Reshaping a large data set from long to wide

Accepted Solution Solved
Reply
Occasional Contributor
Posts: 17
Accepted Solution

Reshaping a large data set from long to wide

Hi everyone,

 

I am trying to reshape my large datset with lots of missing data and variable names that are mixed character and numeric (none of that I want to drop). I have read about both the PROC TRANSPOSE and the ARRAY options to reshape from long to wide and both seem to include the need to write out all of the names of my hundreds of variables.
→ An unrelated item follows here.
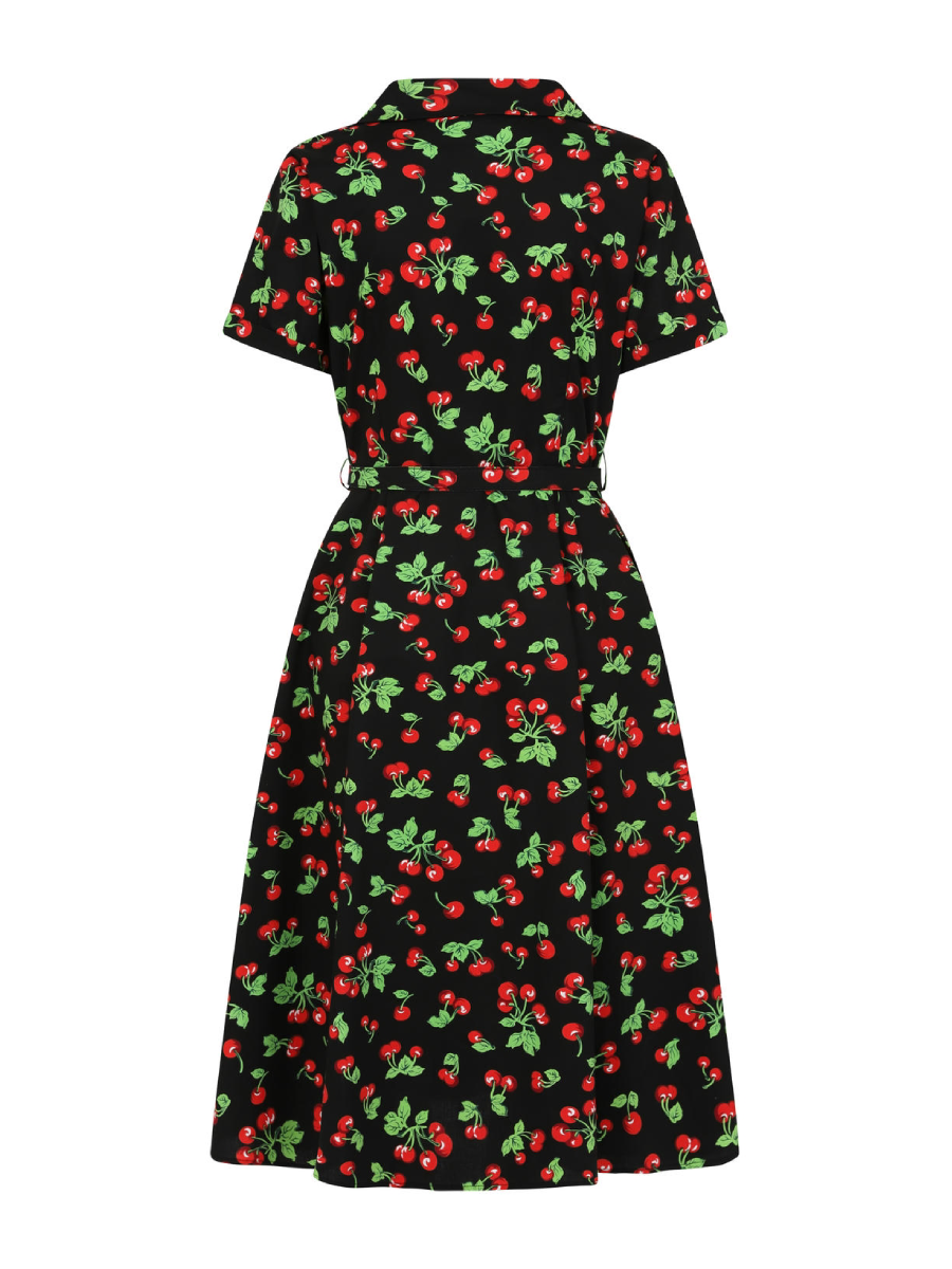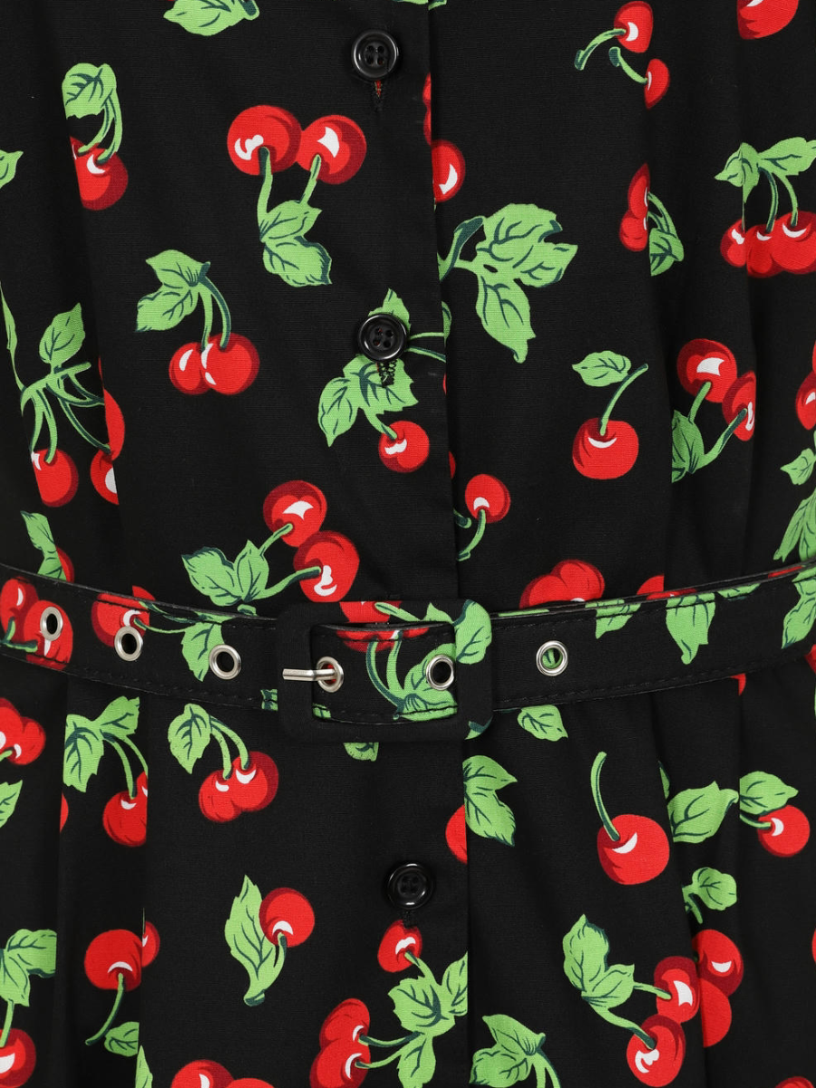 Freches Früchtchen: Schwarzes Hemdblusenkleid im 50er Jahre Stil "Darla Cherries Dress Black" von Banned mit leuchtend rotem Rockabilly-Kirschenprint. Das Kleid hat einen schönen V-Ausschnitt mit klassischem Kragen, kurze Ärmel und wird vorne durchgehend geknöpft. Der Rock ist in A-Linie leicht ausgestellt mit zwei seitlichen Eingrifftaschen. Ein passender stoffüberzogener Kunststoffgürtel betont die Taille. Kein Reißverschluss. Sehr angenehmer Baumwollstoff mit etwas Stretch. Ein wunderschönes Kleid für einen lässigen Rockabilly-Style!

I will need to reshape the data by two different variables ID and Sex in order to make the VISITDATE variable that is currently long, wide. The issue is that many of the VISITDATEs are a different date over a 10 year period in the format DDmonthYY (12march04).  Because of this I am thinking I can somehow reshape and make new vars VISITDATE1-VISITDATE20 (the max in the dataset) but having a hard time wrapping my head around the actual array coding.

 

Can some brilliant programmer in dates and arrays help out?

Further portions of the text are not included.